The Flemish loan guarantee scheme was found to be in accordance with the loan scheme template of the Temporary Framework and was approved accordingly.

It is important to note that the Flemish measure is a second line instrument. It will be open to undertakings whose loans are not eligible for a guarantee under the forthcoming Belgian federal loan guarantee scheme:

  • All undertakings active in the Flemish region are eligible for the guarantee, with the exception of financial intermediaries;
  • The measure covers both working capital and investment loans;
  • The loans covered by the measure may be new loans or existing loans after they are restructured with the borrower’s consent. To be eligible for the guarantee, the financial intermediary must (with the borrower’s consent) adjust certain loan conditions;
  • The maturity of the loans is not limited under the measure. The term of the guarantee is limited to a maximum of six years;
  • Eligible undertakings may submit an application until the last date on which the guarantee can be granted, viz. 31 December 2020.

An interesting point to note is that neither the Temporary Framework nor the European Commission decision on the Flemish loan guarantee scheme prohibits the distribution of dividends.

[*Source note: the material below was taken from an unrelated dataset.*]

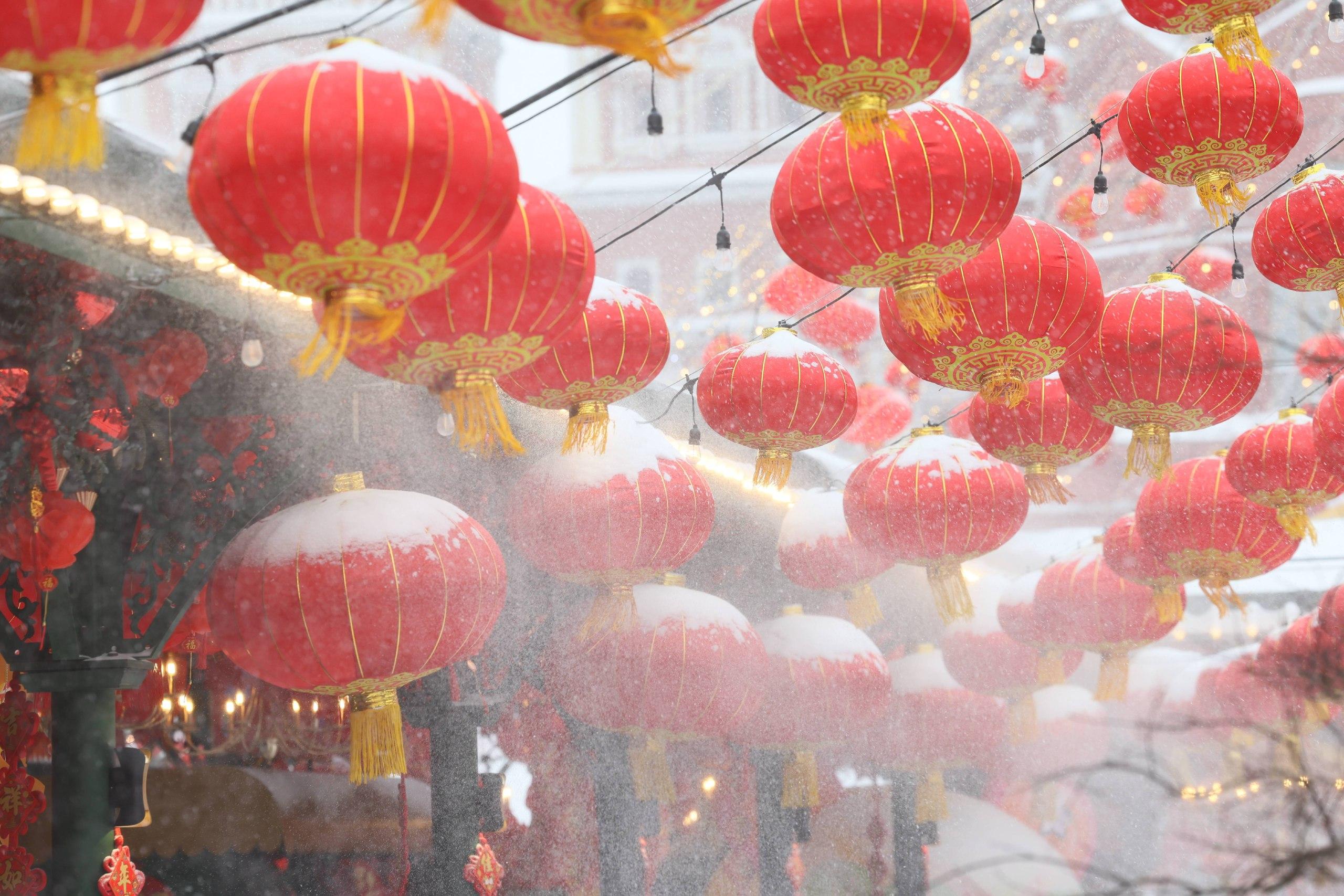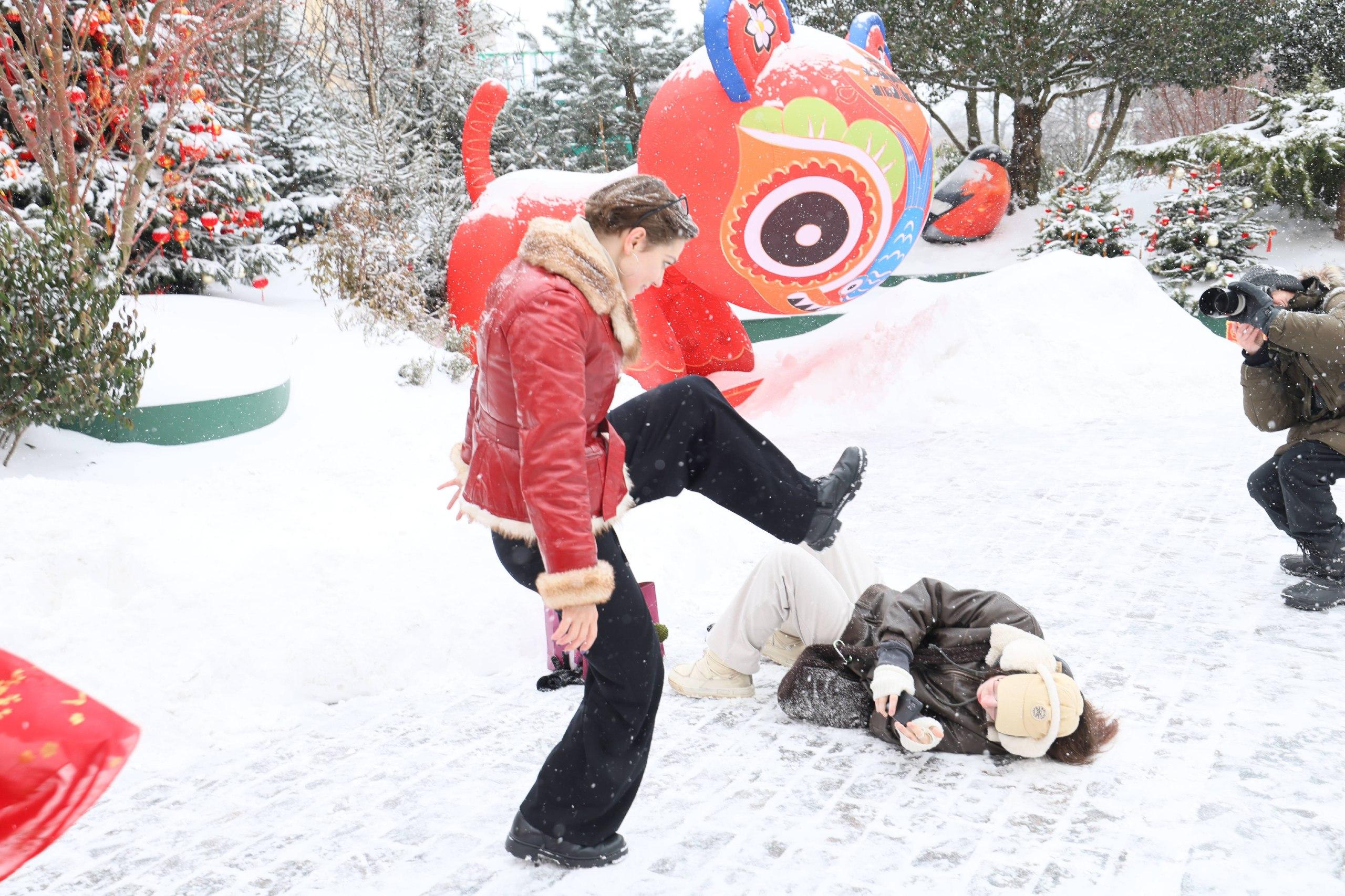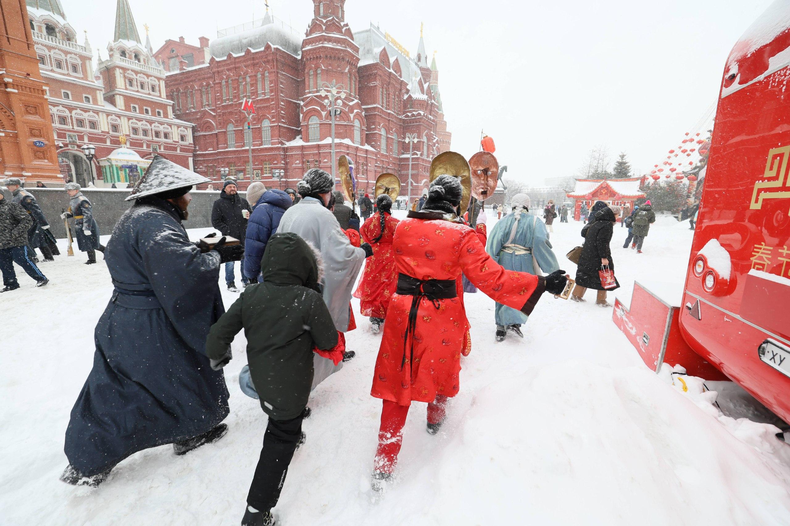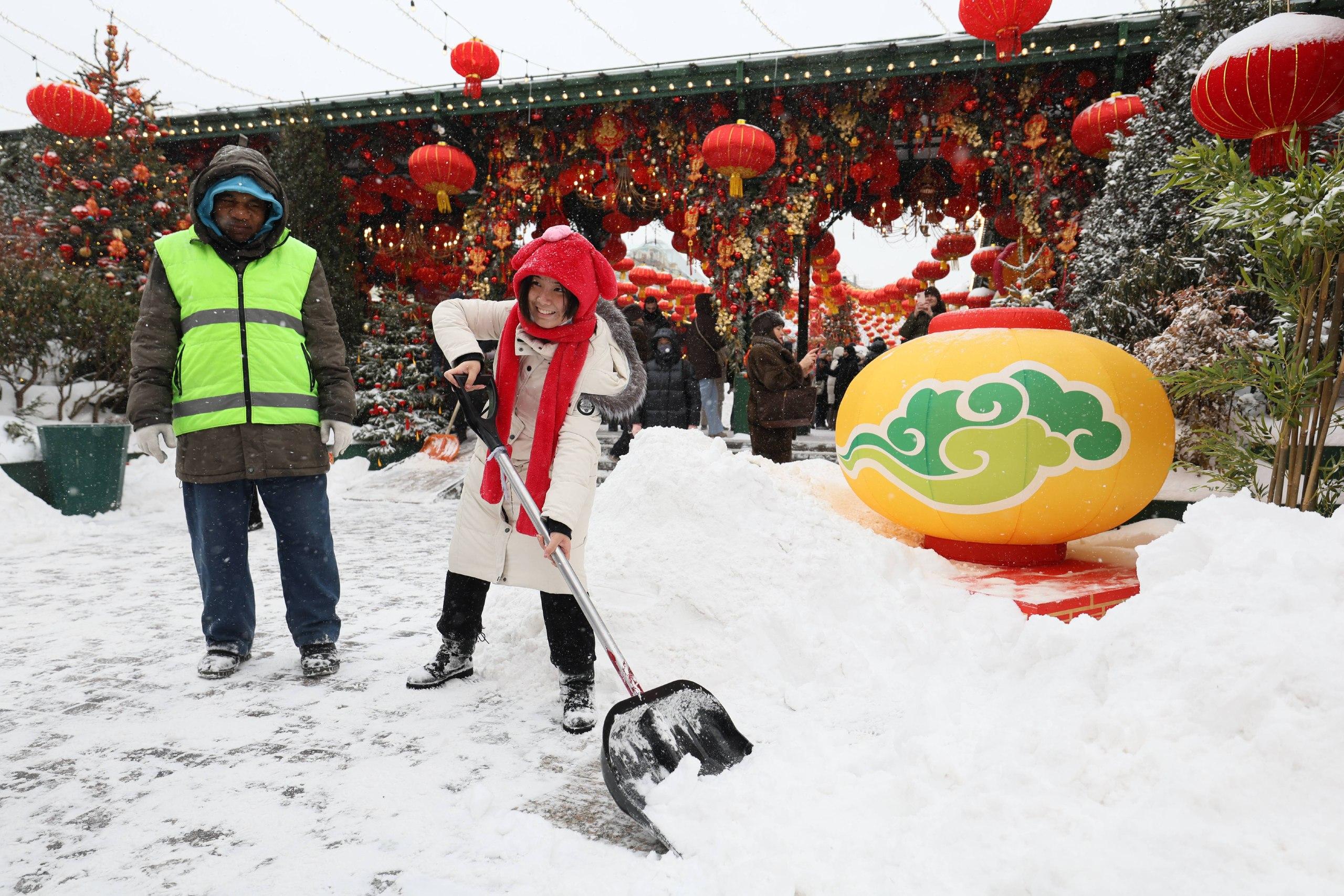 На белом фоне метели особенно ярко смотрятся украшения к китайскому Новому году — красные фонари и драконы. Аниматоры в национальных костюмах развлекают горожан, а те активно делают контрастные фотографии на фоне декораций.

Deferred payment of Walloon airports concession fees

Finally the European Commission has approved a support scheme for the Walloon airports. The scheme will be accessible to the operators of the Charleroi and Liege airports, and will allow them to defer payment of the concession fees that would in principle be due for the year 2020. 

The Commission found that the Walloon scheme is in line with the conditions set out in the Temporary Framework for deferred payments of taxes and fees. In particular, the payment deferral may only be granted until the end of this year and its term will not exceed six years. The payment deferral involves minimum remuneration in line with the Temporary Framework.

More Belgian State aid measures to follow

A myriad of State aid measures by other Member States has been approved either under the Temporary Framework, or ad hoc under Article 107(3)(b) TFEU (which relates to aid to remedy a serious disturbance to the economy). To a lesser extent, there have been decisions under Article 107(2)b TFEU to compensate specific companies or specific sectors for the damage directly caused by exceptional occurrences, such as the coronavirus outbreak.

It is generally expected that more Belgian State aid measures will be notified and assessed by the European Commission, whether ad hoc or on the basis of the Temporary Framework.

It is also possible that the European Commission may issue Covid-19-specific Guidelines on Rescue and Restructuring aid or an expedited review of capital injections under State aid rules.

Finally, it is also expected that Member States, including Belgium, will continue to provide support which is available to all undertakings (without selectivity) and which therefore does not constitute State aid. This relates to general measures for the whole economy of a Member State such as wage subsidies, suspension of payments of corporate and value added taxes or social contributions, or support directly granted to consumers.